At this point, we have updated data with culling and LOD selection. However, we need to determine how to pass this data to the vertex shader in the rendering pipeline. One approach is to copy the data to highInstancePositions and other vector arrays. However, copying large amounts of data each frame can be computationally expensive. Can we do something more optimal?

Since the calculated data is already stored on the GPU, we should use it directly in the vertex shader. The vertex shader can directly access this data from the same memory locations; we simply need to specify the memory locations to read from. We will also need to modify our vertex shader code accordingly”. We will add separate SSBOs for instancePositions and other data, allowing the vertex shader to read the current instance position and other instanced data using gl_InstanceID.

By linking SSBOs to the vertex shader, we eliminate the need for CPU-to-GPU data transfers, allowing the GPU to process instance data directly.

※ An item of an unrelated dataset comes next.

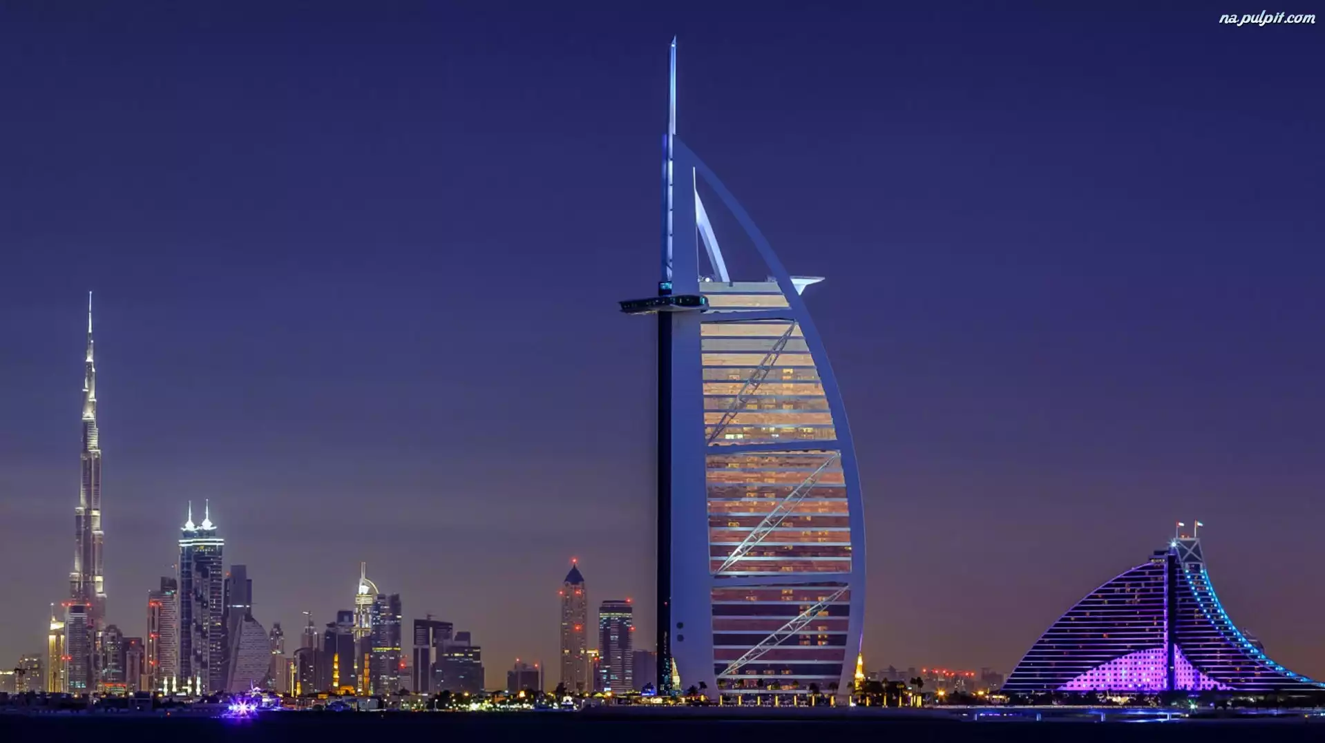 Miasto nocą, Hotel, Drapacze chmur, Oświetlone Na Pulpit

This approach significantly improves performance by reducing the overhead associated with copying large data arrays.

// In sphere.vert
...
layout(std430, binding = 1) buffer Positions {
    vec3 positions[];
};
layout(std430, binding = 2) buffer Colors {
    vec3 colors[];
};
...

void main(){
  vec3 instancePos = positions[gl_InstanceID];
	vec3 instanceColor = colors[gl_InstanceID];
  ...
}

Now inside our Mesh::Draw function, simply fetch all LOD counts from the Atomic Count Buffers, bind the corresponding SSBOs based on the current LOD and call glDrawElementsInstanced() using the current LOD count as the parameter.

void Mesh::Draw(){
  ...
  glBindBuffer(GL_ATOMIC_COUNTER_BUFFER, highLodCounterBuffer);
  glGetBufferSubData(GL_ATOMIC_COUNTER_BUFFER, 0, sizeof(GLuint), &highLodCount);

  glBindBuffer(GL_ATOMIC_COUNTER_BUFFER, medLodCounterBuffer);
  glGetBufferSubData(GL_ATOMIC_COUNTER_BUFFER, 0, sizeof(GLuint), &medLodCount);

  glBindBuffer(GL_ATOMIC_COUNTER_BUFFER, lowLodCounterBuffer);
  glGetBufferSubData(GL_ATOMIC_COUNTER_BUFFER, 0, sizeof(GLuint), &lowLodCount);
  ...
  if (highLodCount > 0) {
    highDetailVAO.Bind();

    glBindBufferBase(GL_SHADER_STORAGE_BUFFER, 1, highPosBuffer->ID); // Bind high LOD positions
    
    glDrawElementsInstanced(GL_TRIANGLES, highDetailIndices.size(), GL_UNSIGNED_INT, 0, highLodCount);
  }
  ...
}

And that’s it!

You should achieve a frame rate of 60 fps for the application, even with 1 Million spheres.

I will continue this blog with other titles which will discuss PBR and IBL in detail and its integration in our application.